Regulation By Enforcement

Throughout the years, the SEC has been criticized for it its practice known as regulation by enforcement. Its practices have waxed and waned over the years, but more recently, the SEC has been more willing to regulate by enforcement. This has led to new regulations and rules, which market participants have noticed. Numerous advocacy groups have voiced their displeasure, and some believe that the SEC has not been consistent, or indeed fair, with its enforcement measures.

There are some areas that rightfully garner the attention of the SEC’s regulation by enforcement practice. Examples include cryptocurrency, blockchain technology, and everything associated with Web3. This is an area that does not have a lot of regulation right now, and most meaningful regulation is coming from the SEC’s regulation by enforcement.

Even though there have been numerous calls for more regulation, the SEC has simply stepped up its regulation by enforcement, much to the dismay of everyone else.

The Ignore It Mantra

As the global cryptocurrency market continues to expand, just about every major financial player is participating in it. Even though there are questionable financial practices taking place in this market, the SEC has largely continued to ignore most parts of the cryptocurrency market, only cracking down selectively on individual players. This makes it difficult for companies to figure out what is allowed and what is not.

The Fight It Mantra

There are other situations where the SEC is choosing to fight. This can sometimes be confusing for companies, as some wonder why they are in the line of fire while others are not. For example, the SEC sued Ripple in 2020, claiming that it had completed an unregistered sale of securities when it sold its XRP tokens. Ripple responded by claiming that XRP is not a currency and is not a security that falls under the jurisdiction of the SEC. This is evidence of the significant amount of confusion that still exists in this marketplace. Some defendants have been successful in fighting back against SEC, winning lawsuits in court.

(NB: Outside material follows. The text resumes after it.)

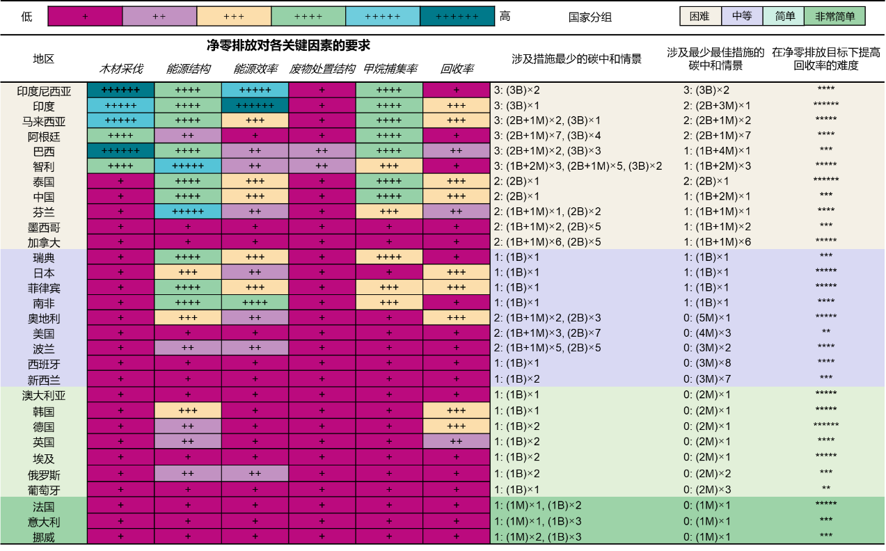 到2050年,30个国家造纸行业都有望实现净零排放,但实现的可能性和难度显著不同(图3)。多数发展中国家造纸行业2050年实现净零排放的目标面临着显著挑战,而意大利、法国、挪威等欧洲国家的造纸行业实现净零排放的难度相对较低。多数发达国家可以通过单一措施实现净零排放,但需基于特定环节实施极具挑战性的改进措施;大多数发展中国家净零排放目标的实现则需要依赖多个阶段措施的紧密配合。除了能效提升和能源转型等措施外,森林资源丰富的热带发展中国家应优先考虑加强可持续森林管理,而其他发展中国家应更加重视废纸管理相关措施。

The Make it Work For You Mantra

Finally, there are situations where companies simply work hard to make it work for them. For example, BlockFi settled an SEC enforcement proceeding in February 2022 after the SEC accused BlockFi of engaging in the sale of unregistered securities. Companies need to weigh whether the cost of settling lawsuits is worth avoiding going to court to fight the SEC.

More Clarity Is Needed

The inconsistent enforcement measures of the SEC, particularly as they relate to cryptocurrency, NFTs, and blockchain technology, need to be addressed. Otherwise, companies will continue to be confused regarding what is allowed and what is not. Not every company can afford to fight the SEC in court, and even the cost of settling these lawsuits can be significant. Furthermore, there is no real methodology that allows companies to register as dealers when they engage solely in investment activities for their own accounts. The confusion needs to be cleared up to reduce regulatory liability and expenses.